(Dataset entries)
--*--
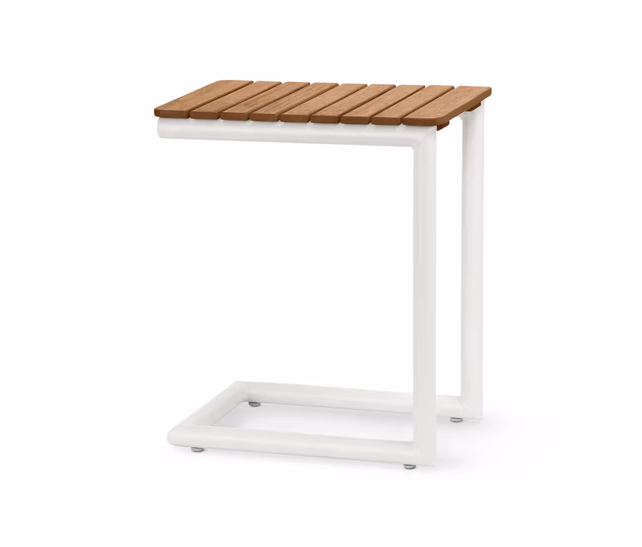 Ob im Wohnzimmer, auf der Terrasse oder in der Gartenlounge: Dieser vielseitig einsetzbare Beistelltisch lässt sich wunderbar mit vorhandenen Möbeln kombinieren und als Ablage einsetzen. Das asymmetrische Aluminiumgestell ist an einer Seite offen, so dass der Fuß unter das Sofa geschoben werden kann und die Tischplatte darüber „schwebt“ – so wird er im Innen- oder Außenbereich zum stylischen Hingucker. Die Tischplatte ist aus hochwertigem, FSC®-zertifiziertem Eukalyptusholz gefertigt, das UV- sowie witterungsbeständig lackiert ist und mit seiner natürlichen Farbe einen warmen Akzent setzt.
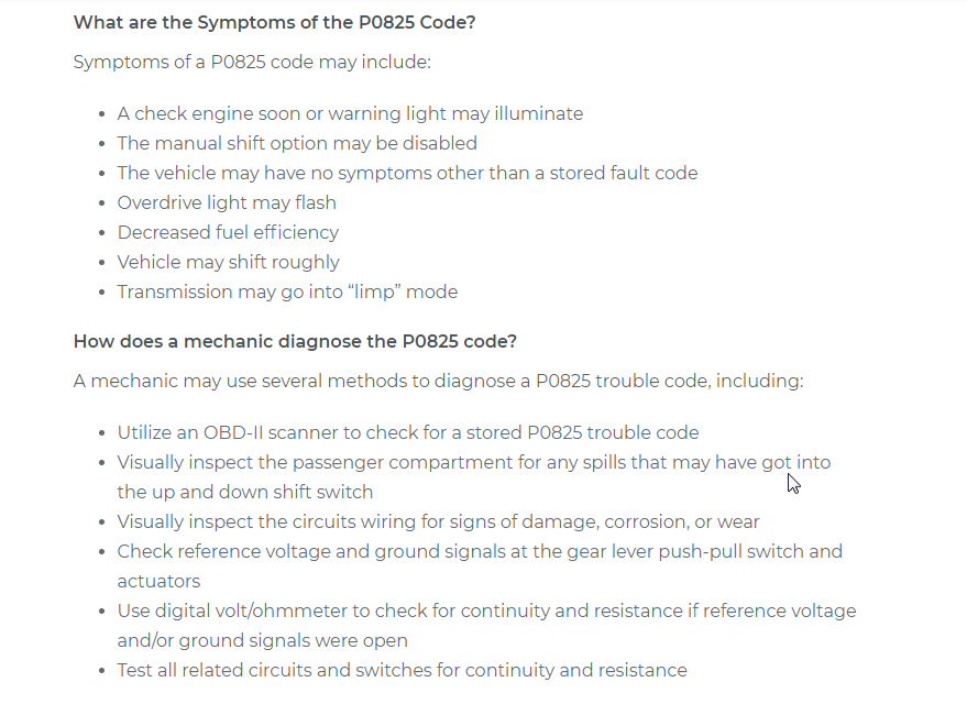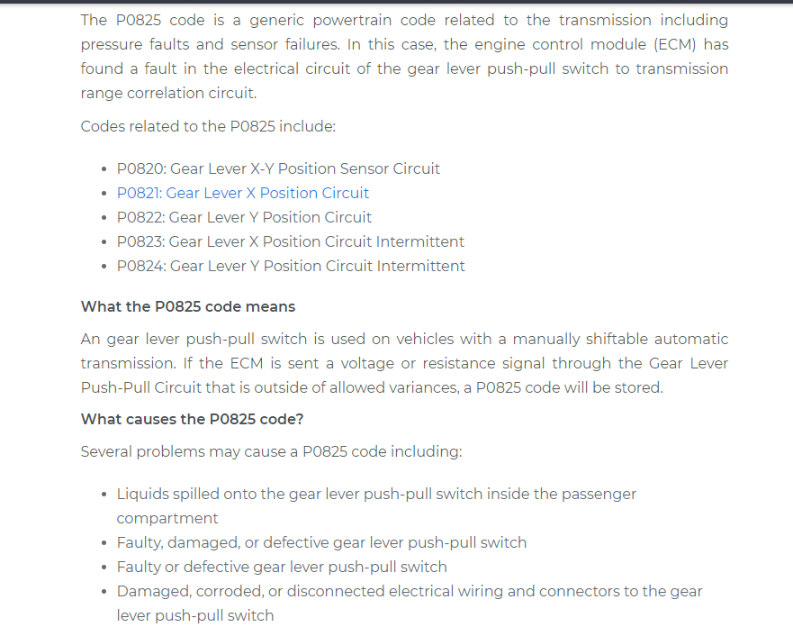 I assume that part is the push-pull switch? I am attaching some info below about this code and it basically is pointing a switch issue but it could also be the wiring for this push pull switch. So has there been any drinks like a soda that were spilled on the shifter?
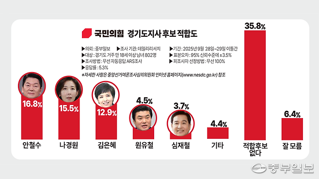 1일 중부일보 의뢰로 여론조사기관 데일리리서치가 경기도 거주 만 18세 이상 남녀 802명을 대상으로 지난달 28일부터 29일까지 이틀간 실시한 여론조사 결과(95% 신뢰수준에 오차범위 ±3.5%p)에 따르면, '국민의힘 경기도지사 후보로 누가 가장 적합하다고 생각하느냐'라는 물음에 응답자 16.8%가 안철수 의원을 지목했다. 나경원 의원을 택한 응답자가 15.5%에 달해 두 지지율 격차는 불과 오차범위 안인 1.3%p다.
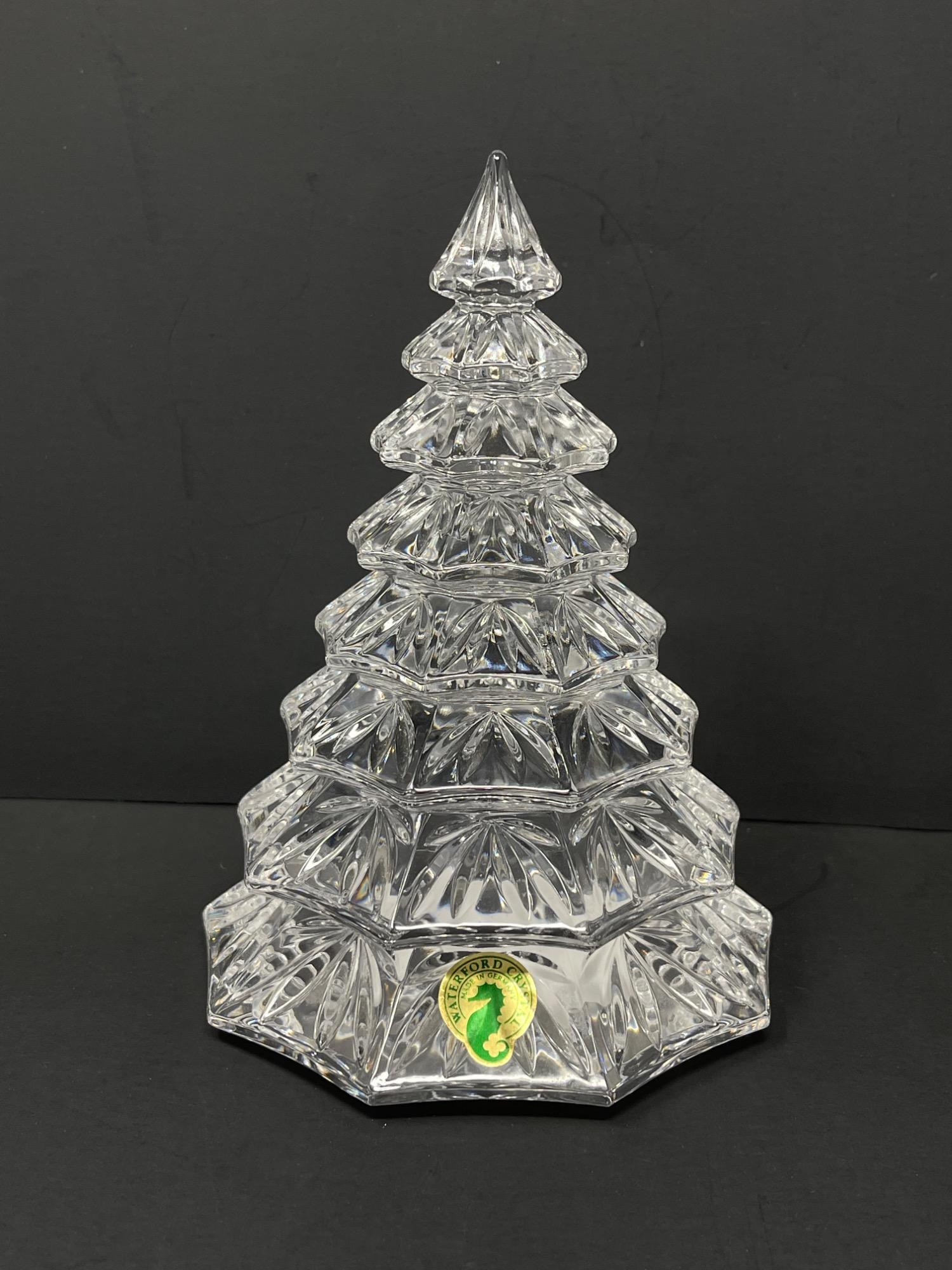 Elegant Waterford Crystal Christmas Tree - 6.5 Inches High Celebrate the season with this exquisite Waterford Crystal Christmas Tree, standing 6.5 inches tall. This finely crafted tree is a stunning display of craftsmanship, featuring intricate cuts that capture and reflect light beautifully, adding a sparkling ambiance to any holiday decor. With its classic design and high-quality crystal, this piece is a perfect addition to your festive decorations or as a cherished gift for someone special. Embodying the elegance and quality Waterford is known for, this crystal Christmas tree makes a timeless treasure in any collection.
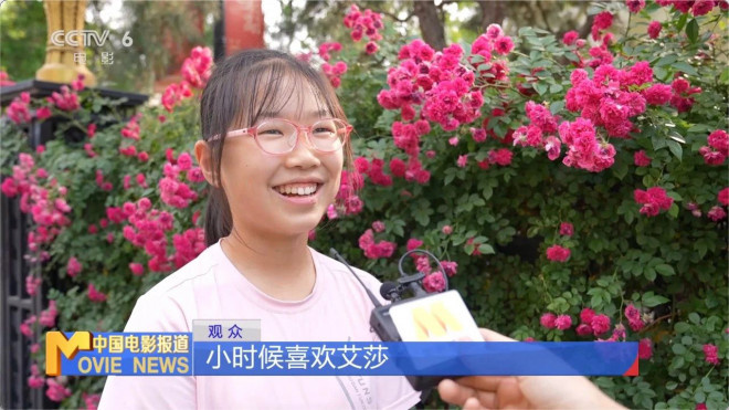 一对接受采访的母女向记者分享了她们与电影的故事,小朋友分享说自己喜欢《冰雪奇缘》里的艾莎,母亲说自己会给女儿买艾莎的蓝色裙子和魔法棒,去参加幼儿园的活动。
--*--
From the first line of the entries down to the line with "1일 중부일보 의뢰로", print each line exactly; omit any picture.

## Solved problem:
 Ob im Wohnzimmer, auf der Terrasse oder in der Gartenlounge: Dieser vielseitig einsetzbare Beistelltisch lässt sich wunderbar mit vorhandenen Möbeln kombinieren und als Ablage einsetzen. Das asymmetrische Aluminiumgestell ist an einer Seite offen, so dass der Fuß unter das Sofa geschoben werden kann und die Tischplatte darüber „schwebt“ – so wird er im Innen- oder Außenbereich zum stylischen Hingucker. Die Tischplatte ist aus hochwertigem, FSC®-zertifiziertem Eukalyptusholz gefertigt, das UV- sowie witterungsbeständig lackiert ist und mit seiner natürlichen Farbe einen warmen Akzent setzt.
 I assume that part is the push-pull switch? I am attaching some info below about this code and it basically is pointing a switch issue but it could also be the wiring for this push pull switch. So has there been any drinks like a soda that were spilled on the shifter?
 1일 중부일보 의뢰로 여론조사기관 데일리리서치가 경기도 거주 만 18세 이상 남녀 802명을 대상으로 지난달 28일부터 29일까지 이틀간 실시한 여론조사 결과(95% 신뢰수준에 오차범위 ±3.5%p)에 따르면, '국민의힘 경기도지사 후보로 누가 가장 적합하다고 생각하느냐'라는 물음에 응답자 16.8%가 안철수 의원을 지목했다. 나경원 의원을 택한 응답자가 15.5%에 달해 두 지지율 격차는 불과 오차범위 안인 1.3%p다.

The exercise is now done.